Anyways, not only do I want to simply direct people's attention to this work, I also wonder if many people on this forum employ the tricks he discusses in this work. If people are doing these tricks, are they doing it purposely? If purposely, did they learn it? Is it just a self-taught?
Here's a short example of "Conceal Your Game" Stratagem:
Schopenhauer:If you want to draw a conclusion, you must not let it be foreseen, but you must get the premisses admitted one by one, unobserved, mingling them here and there in your talk: otherwise, your opponent will attempt all sorts of chicanery. Or, if it is doubtful whether your opponent will admit them, you must advance the premisses of these premisses; that is to say, you must draw up pro-syllogisms, and get the premisses of several of them admitted in no definite order. In this way you conceal your game until you have obtained all the admissions that are necessary, and so reach your goal by making a circuit. These rules are given by Aristotle in his Topica, bk. viii., c. 1. It is a trick which needs no illustration.
Comments (6)
Act as though one is already right, but do so with as much condescension in tone of the "obviousness" of your opponent's argument being wrong. Thus, the argument itself isn't so much as wrong as the appearance of it.

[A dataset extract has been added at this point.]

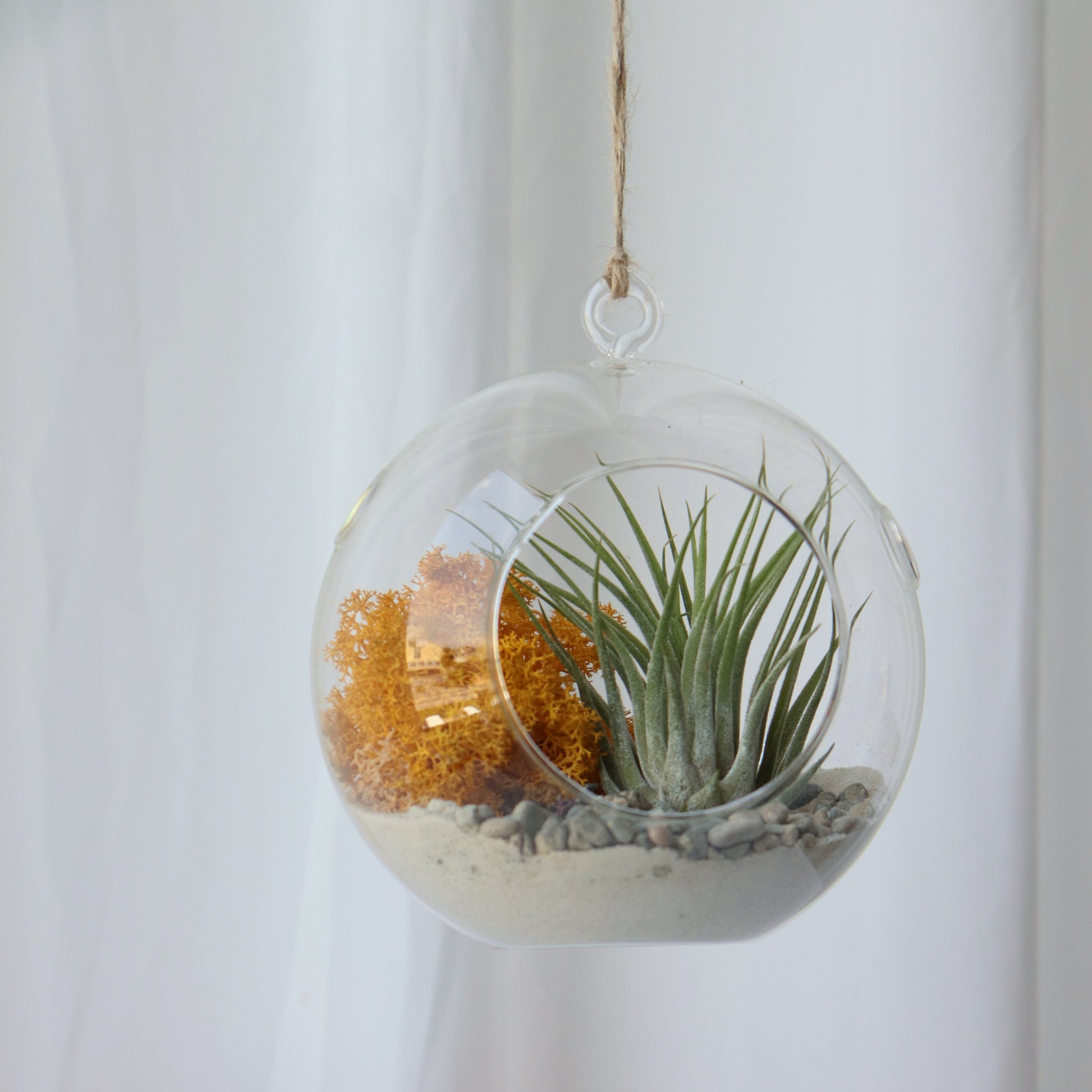 Terrario Aire vidrio soplado 10cm + planta ionantha + arena y liquen mostaza

"If you think shit smells, you must think your nose is trying to poison you." A kissing cousin to a reductio.
Progress in an argument comes from convincing individuals that they have made a mistake or to doubt their premises or definitions. These admissions of error are voluntary acts. Even if the realization that your argument is imperfect is unavoidable, admitting it to yourself and your interlocutor is still a choice. Fully reflecting on the implications of these errors is even more difficult than a simple choice. Since progress is only possible through voluntary admission of error, you can never lose an argument if you simply never admit any mistake, no matter how absurd your position becomes.

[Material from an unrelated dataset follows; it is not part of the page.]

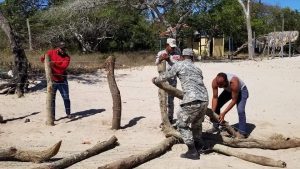 Miembros de la Armada de la República Dominicana (ARD), acompañados por empleados de la Junta Distrital de esa localidad perteneciente Municipio de Luperón, quitaron los palos y alambres que fueron colocados por personas no identificadas en la misma arena de la referida playa.

Thus to set out to argue with the object of winning the argument is already an act of dishonesty. And if people argue in a dishonest way, they are not pursuing truth but rather recognition. Epistemology has given way to narcissism. Much of philosophy really is nothing but narcissism, in which the object is to present beautiful, appealing, and elegant reasoning.
Truth has nothing going for it. It isn't beautiful, appealing, or elegant. Its biggest flaw is its lack of popularity. Those who start out by making a flawed argument and are suddenly confronted by the truth, will suddenly turn away from their own subject to begin attacking the truth, blind to how they are undermining their own argument. In their narcissism, they will never admit their error.
Without honest interlocutors, the argument is nothing more than a battle, a proxy for actual physical combat between people. Each wishes to force the other to agree to his terms so that he can validate himself. Under such conditions, it is only natural that each would resort to ad hominem. It is no longer the exercise of reason, but the base application of the tools of rationality to achieve selfish ends. When these ends come into conflict, the only solution is the elimination of the obstruction through whatever means necessary. Such dishonest interlocutors really wish for the death of the other, and indeed we are in the battle prior to the Master-Slave Dialectic of The Phenomenology of Spirit.
There is a turning point from which the argument ceases to be about truth and begins to be about individual egos. And if a person sets out to discuss "being right" rather than "truth" it is apparent that such a person has already turned the corner, so to speak. Ironically, the hallmark of the "being right" approach is the pedantic pointing out of logical errors or false premises. Such interlocutors reveal their hands when they do not see how the opposition won't admit to being wrong when confronted by this pointing out. In fact, the pointing out does not itself suggest anything. The truth value of nonsense is indeterminate -- it is neither better nor worse than false.